You are viewing a plain text version of this content. The canonical link for it is here.
Posted to user@storm.apache.org by Dave Webb <Da...@gmx.de> on 2016/11/01 09:16:28 UTC

Out of Heap Memory despite using TOPOLOGY_MAX_SPOUT_PENDING

Hello,

I have a simple WordCount topology which only uses BaseBasicBolts and BaseRichSpouts.
When running with multiple workers, I experience increasing Heap usage until it is eventually full,
which causes the workers to restart.
Adjusting the Heap size does not permanently solve this problem, it just delays it.

I have read about TOPOLOGY_MAX_SPOUT_PENDING and Guaranteed Message Processing [1], which is basically
mandatory for running a stable multi-worker topology.
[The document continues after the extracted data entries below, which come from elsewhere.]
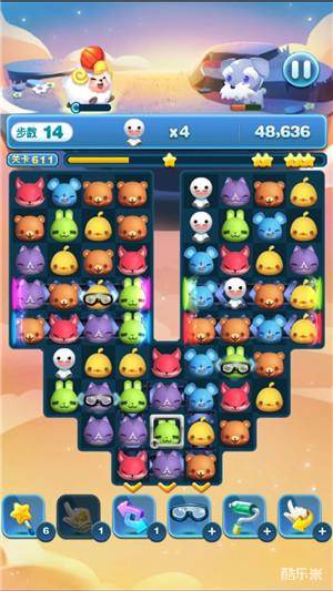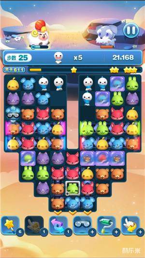 另外在底部的位置也有11个果冻的障碍,同样是需要我们去消除的,并且在倒数第二行,还有一个被框架困住的棋子。综上所述,要想轻松的闯关成功仅仅通过简单的棋子消除基本上是不可能的。因此我们在消除棋子的时候一定要选择棋子分布集中的地方,这样可以帮助我们制造出更多的目镜射线或者是旋风小丑这样的特殊道具来帮助。好在这里有一些传送带存在,所以当我们制造出了一个目镜射线之后不要立即用,可以将它和旋风小丑结合着使用,如果它们俩不在一起的话,也要想办法让它们凑在一起,只有这样才能产生最大化的效果。一旦晴天娃娃到达了底部,我们只需要移动它底部位置的棋子就可以将它们收集起来了。这个时候如果还剩下一个娃娃没有收集成功,一定要立刻使用您手上已有的道具来帮助。
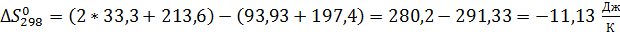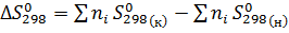 - разность стандартных абсолютных энтропий продуктов реакции и
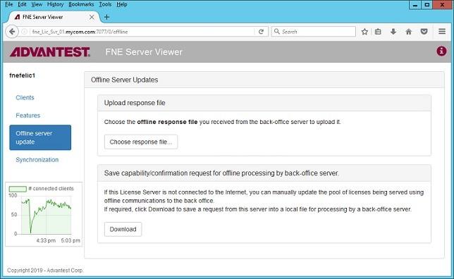If the FNE license server is not connected to the internet you must manually download the license container from the Advantest License Portal and upload it to the FNE license server.
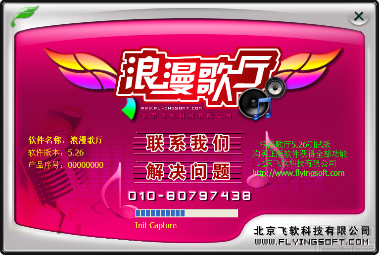 《浪漫歌厅 》是由北京飞软科技有限公司开发的新一代MTV演播厅软件,是多媒体软件行业的一个新亮点。软件操作简单,界面漂亮个性。演唱者站在蓝色背景幕前 ,她的图像经过摄像头进入电脑,系统实时进行抠像,去掉蓝色背景,更换新的背景,加蒙版,字幕叠加,可以调整人物大小、位置、旋转度,动态前景装饰等。
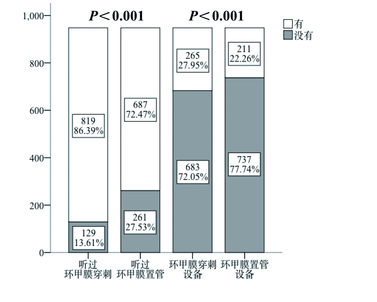| 图 2 948位调查对象对环甲膜穿刺/置管知晓比例与科室配备比例 |
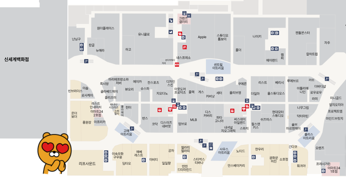 리프사운드 위치는 스타필드 하남 1층 서쪽 끝부분에 있습니다. 신세계백화점 방향으로 아래 지도 라이언이 있는 곳입니다.
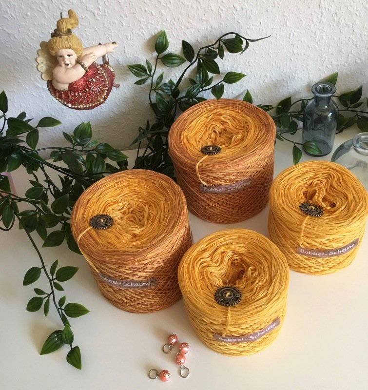 1 Faden „bernstein“ und 3 Fäden „kurkuma“ 4-fädig - 100 g, 380 m (50g/190 m)
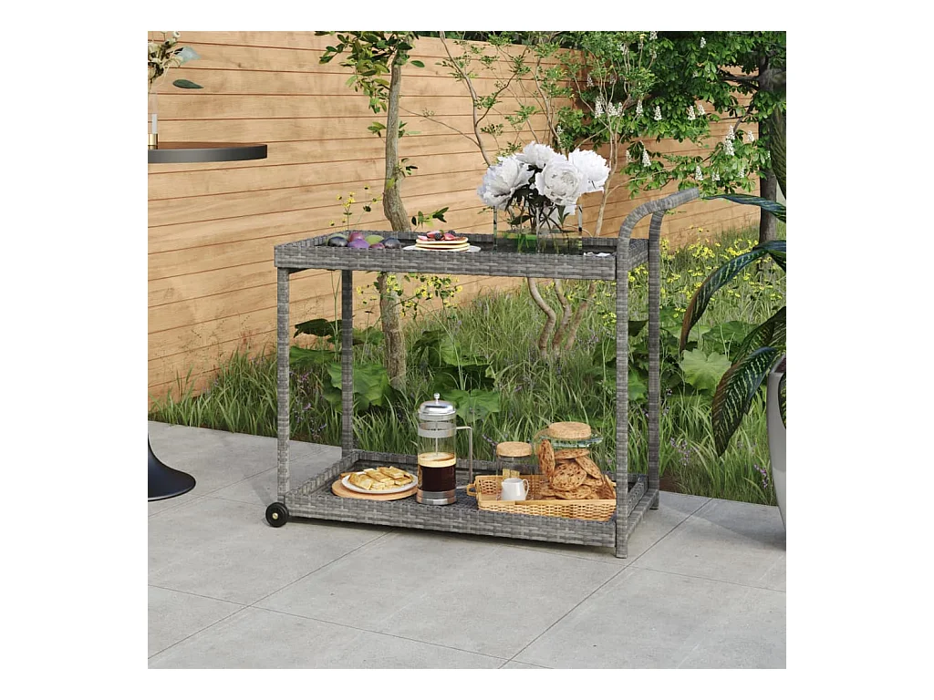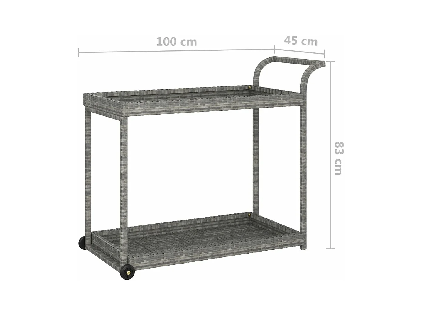 Carrinho de bar 100x45x83 cm vime PE cinzento

However, even though my workers are now "throttled" with this parameter, still run out of Heap at some point.
I am aware that "topology.max.spout.pending" is applied to each Spout instance individually, meaning that the
total amount of pending tuples is this value times the amount of spout instances.
But there is now way that a _single_ Spout instance which tolerates only 10 tuples "in flight" at a time almost
instantly fills an 1.5GB Heap.

$ jmap -histo:live 9476

 num     #instances         #bytes  class name
----------------------------------------------
   1:       5648304      989149784  [B
   2:       5647555      135541320  backtype.storm.messaging.TaskMessage


How can 5.6 million TaskMessages be possible? Only _one single_ tuple can be in flight. Each tuple is split into
50 tuples by the first Bolt and each of them is reduced by a final CounterBolt.

My questions are the following:

1. How can I query the amount of tuples in my topology currently being "in flight".
Storm needs this number itself in one way or the other, but how can I access it externally?

2. How can I further troubleshoot my Out of Memory problems?
I need to which Bolt is the bottleneck. Restarting the topology and observing is incredibly slow and cumbersome.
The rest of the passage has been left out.